Other demands included executive cars like the Land Rover Discovery or Jeep Cherokees, with each costing the taxpayers not less than $100,000. In addition, there was a demand for exemption from paying toll fees, 100 litres of fuel a week and accommodation allowances for all legislators including those residing in Harare. With all due respect, why should a legislator residing in Harare claim accommodation allowance? These revelations, if they are anything to go by, are shocking and may explain the opposition’s willingness to be bed-mates with Zanu PF in another coalition government in which they are junior partners.
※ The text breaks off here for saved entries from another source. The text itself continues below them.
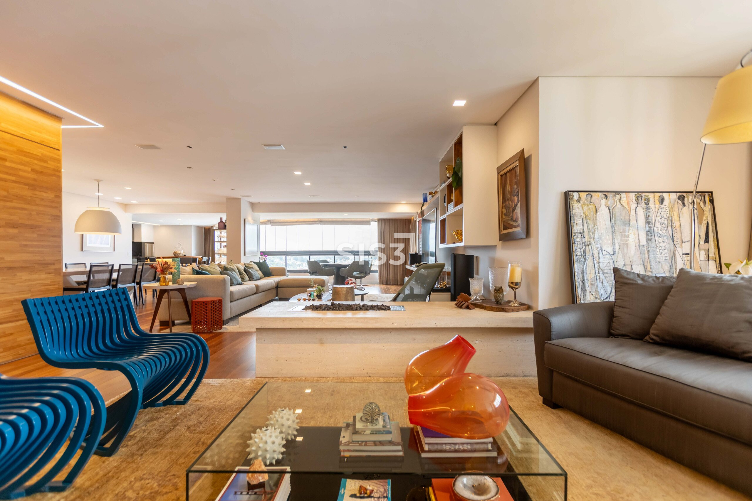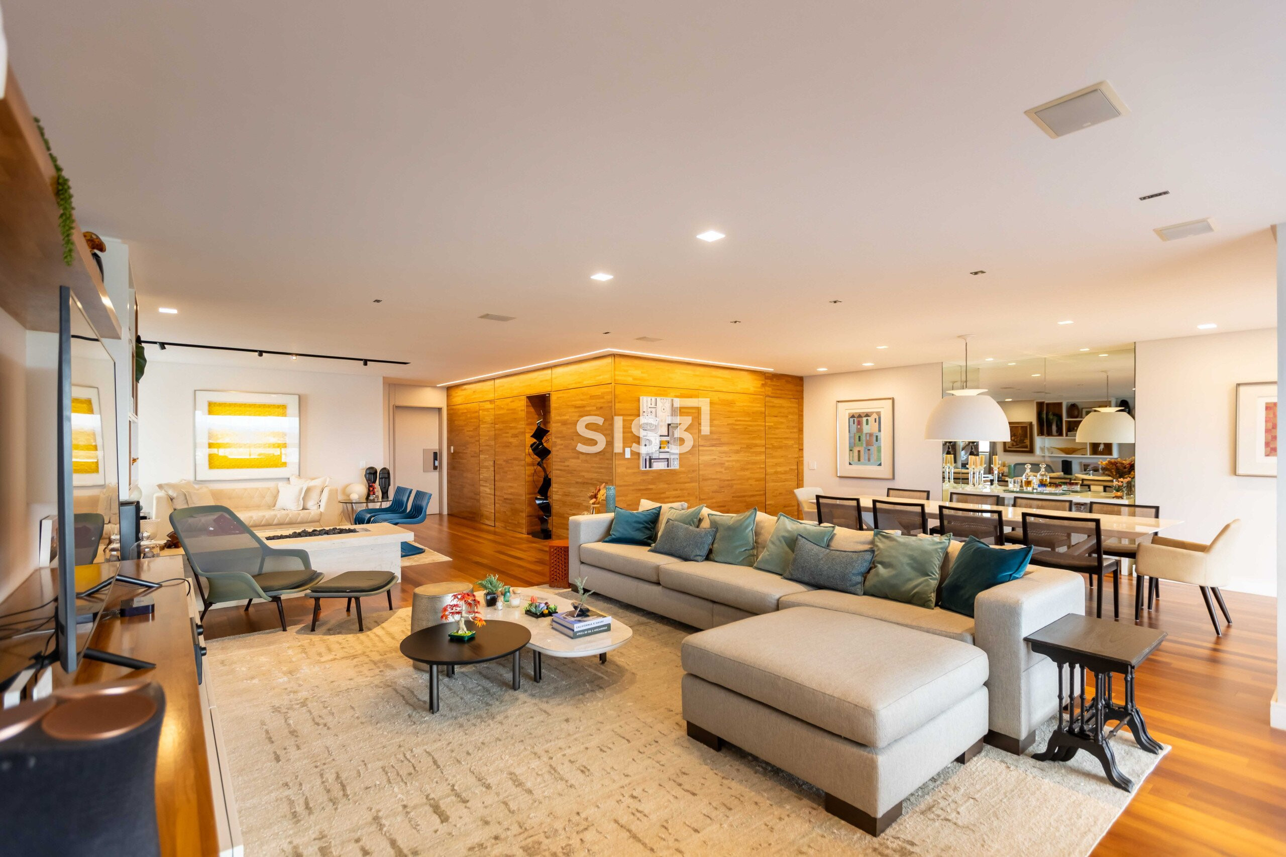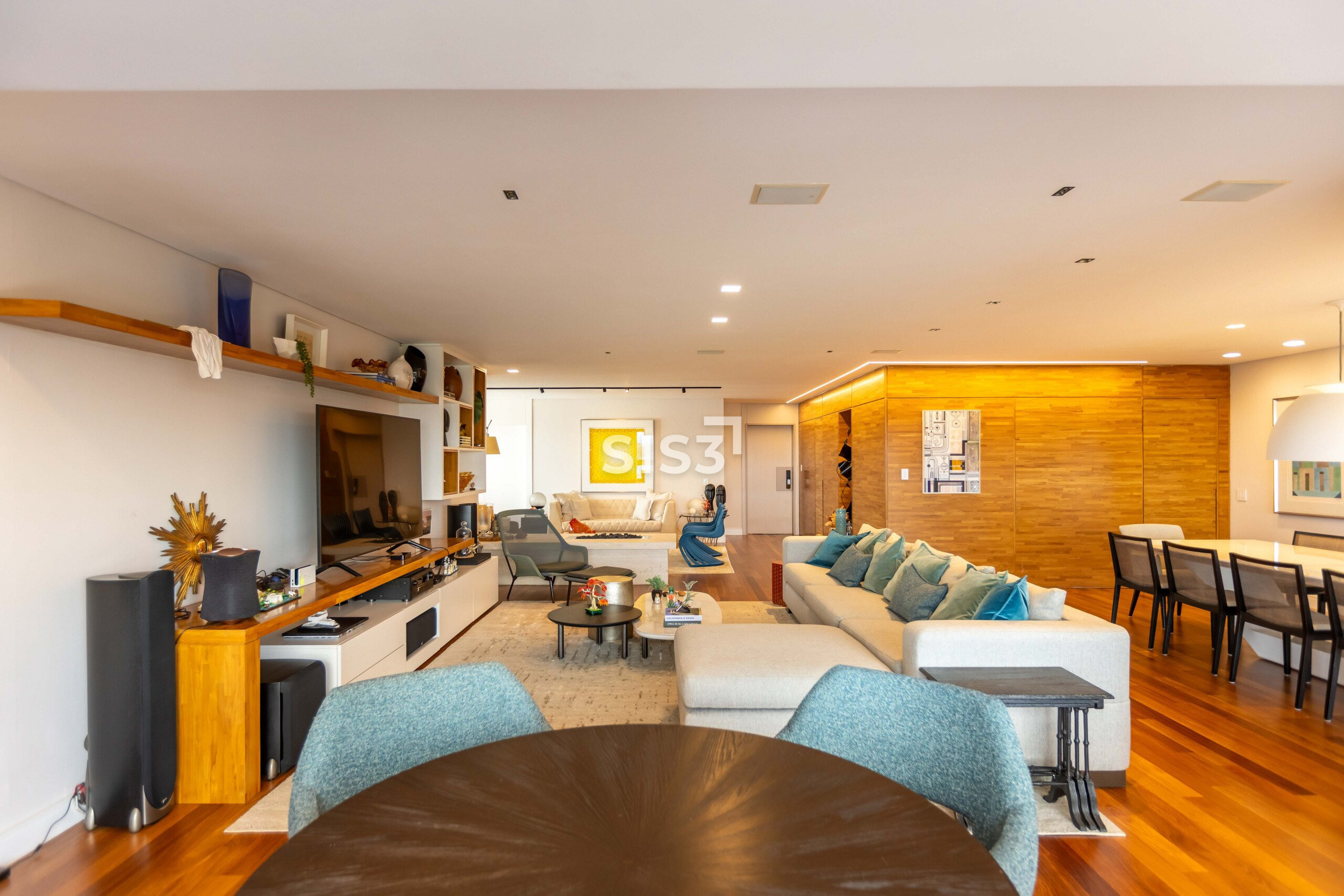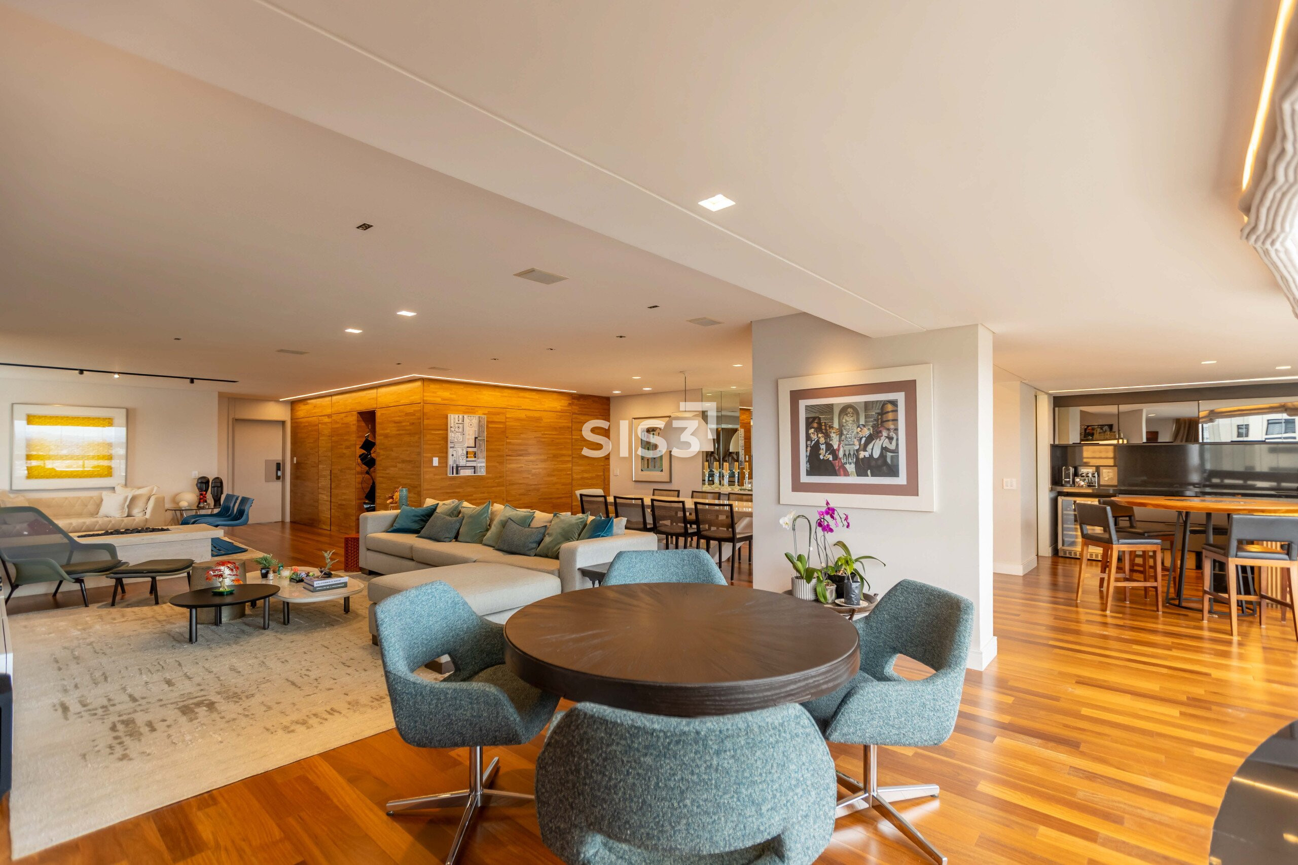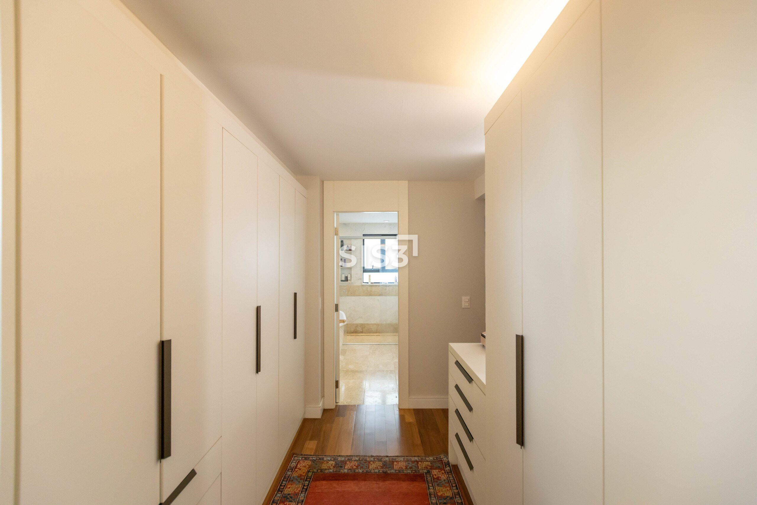 Elevador privativo, 5 vagas de garagem, sendo 3 livres, e infraestrutura para carro elétrico completam o conjunto.
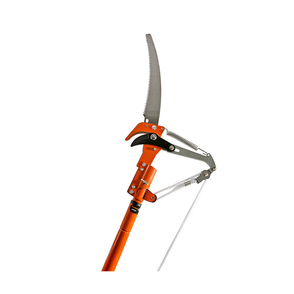 - Телескопическая металлическая штанга регулируется до 2.4 м, обеспечивая доступ к высоким ветвям декоративных и плодовых деревьев.
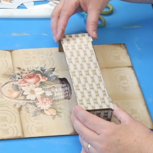 24. Risque o contorno das partes do porta cartas no verso da estampa adesiva com motivo de cestaria.
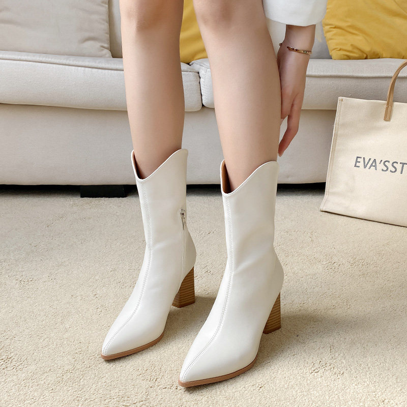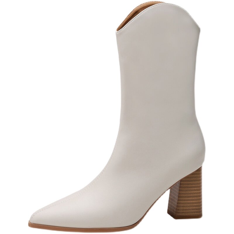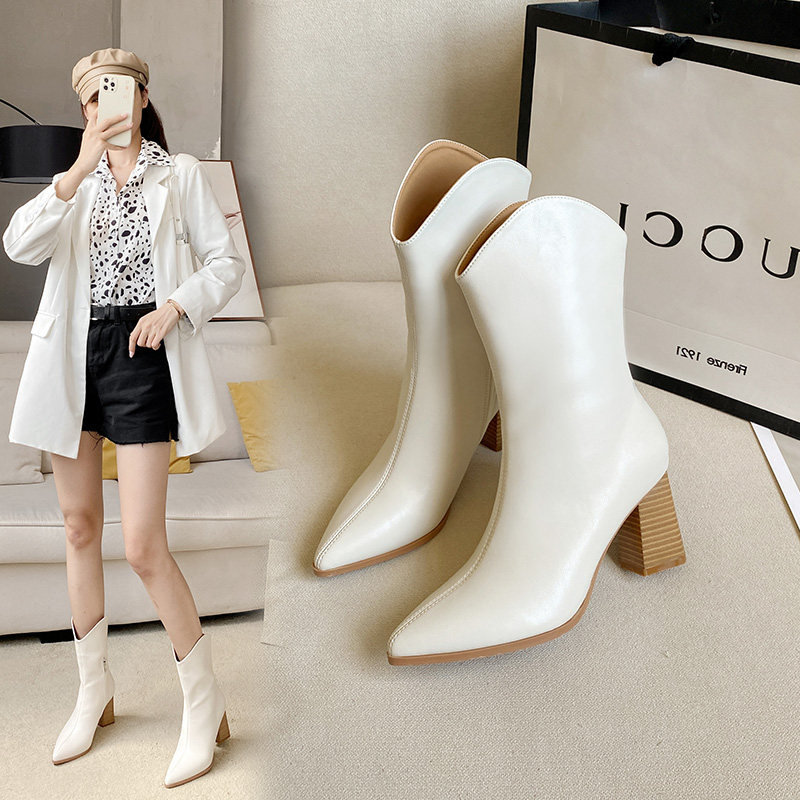 Hong Kong leather thick-heeled short boots women's ins tide 2023 autumn and winter plus velvet all-match pointed toe high-heeled British knight boots
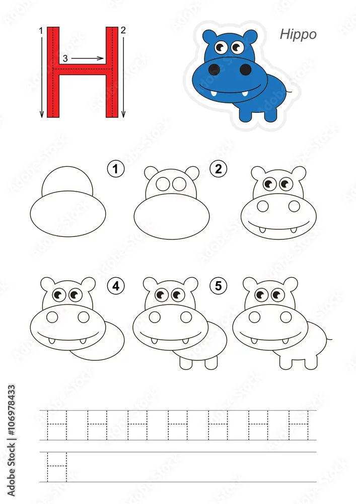 Drawing tutorial. Game for letter H
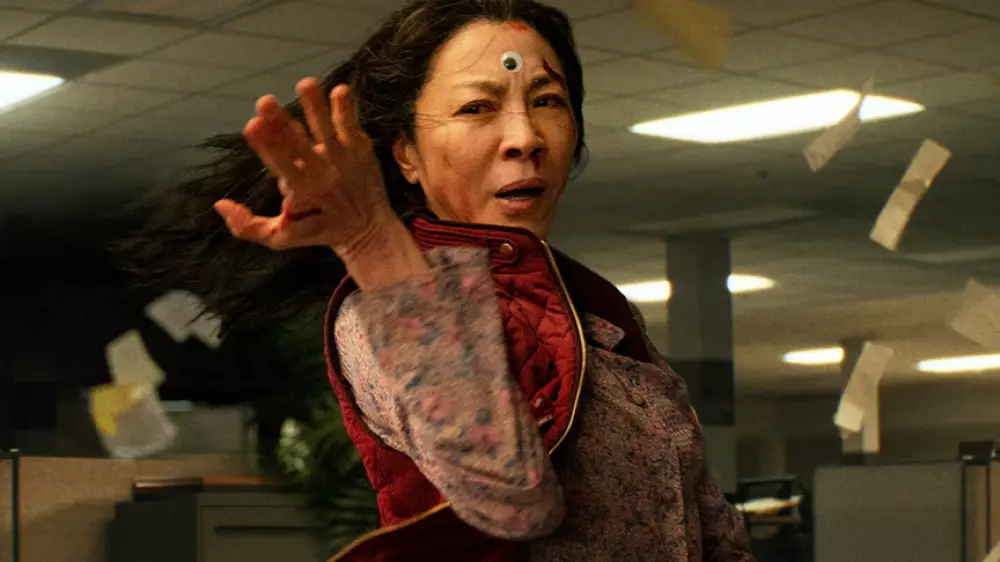 "Все везде и сразу" - оригинальная, душевная и насыщенная фантастика про замученную владелицу прачечной (Мишель Йео), которой приходится путешествовать по параллельным вселенным, чтобы спасти свой и другие миры от разрушения и найти общий язык с дочкой.
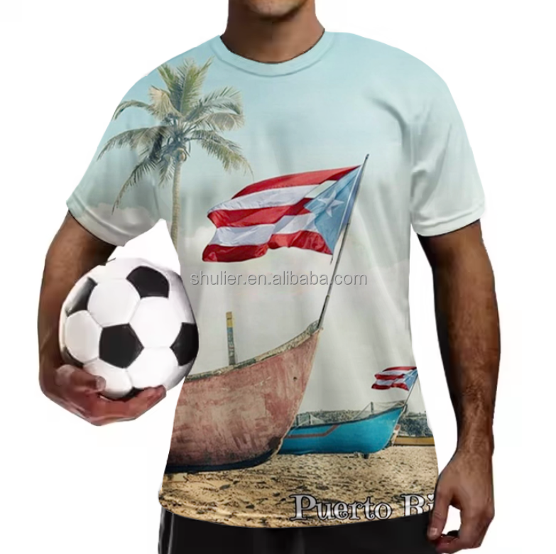 Camisetas personalizadas con estampado 3D Coqui al por mayor, camiseta de manga corta con logotipo personalizado de la bandera de Puerto Rico para hombre, funda para silla
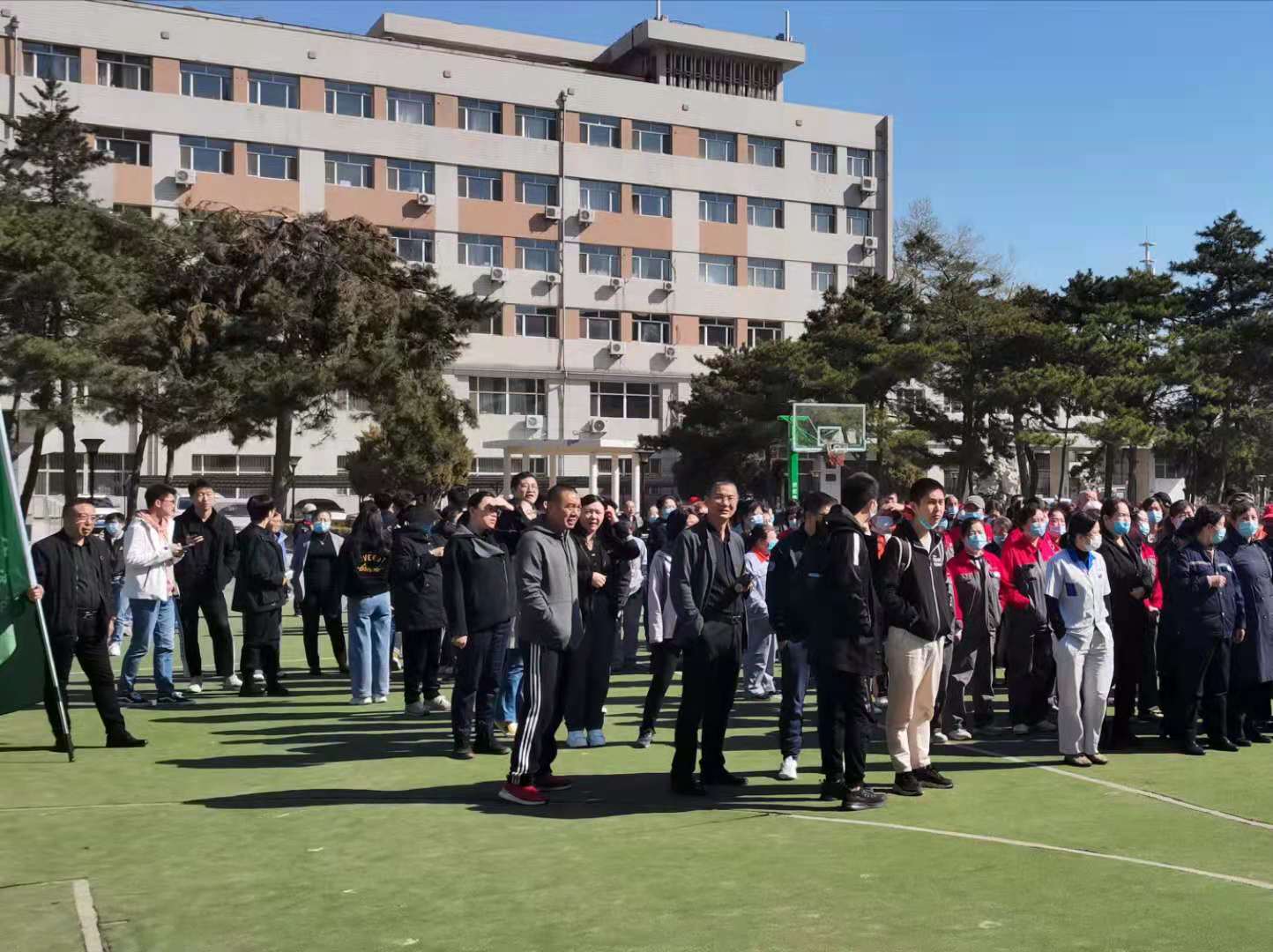联合保卫处等单位,于2021年4月20日上午分别在北区理化楼、北区理化楼后侧篮球场,参加了前卫北区2021“迎百年党庆”安全攻坚行动,组织重点工种人员岗位培训及应急灭火实战演练。一色
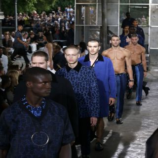 Graduado en 1999 en la escuela londinense de Central Saint Martins Academy, Tisci vestirá a los varones de mezclilla para su línea más informal, con variaciones de cuadros, rayas y estrellas que evocan la bandera norteamericana, pero en tonos de azul.

Acknowledging the existence of this leaked document, Thokozani Khupe is quoted arguing that, “the issue is not about the letter, but about the failure by this government to look after honourable MPs, who have to use public transport because they have no vehicles or fuel. Oh dear dear! Can the honourable MP justify the need for a Land Rover Discovery let alone a Jeep Cherokee when millions of citizens survive on less than a dollar a day? Do these revelations partly explain the opposition’s willingness to enter into an unholy dialogue with Mugabe as early as this hour just behind the backdrop of a rigged poll?
It doesn’t need a rocket scientist to figure out that the country’s hopes lies in another coalition arrangement but the million dollar question is on whose terms? Surely, clamouring for dialogue with Zanu PF by the opposition when Mugabe is silent after having imposed himself on the throne is not in the best interests of the former, nor is it strategically plausible as the basis for striking a long lasting deal. A coalition government that results from a stolen election may provide temporary solace for its citizens but its life span is short-lived before the underlying problems re-emerge.
The best the opposition can do is to put their house in order, reach out to other interested stakeholders and mobilise the population in fighting the regime through different means of legal civil disobedience rather than begging to be bed-mates with the devil as junior partners. Mugabe is on the steering wheel but he forgets that he will soon run out of fuel and that is the best time to negotiate and bargain, not now. A coalition arrangement that leaves Mugabe at the helm of power is not only ill-advised but futile and, ultimately, it will not succeed. Those with ears let them hear.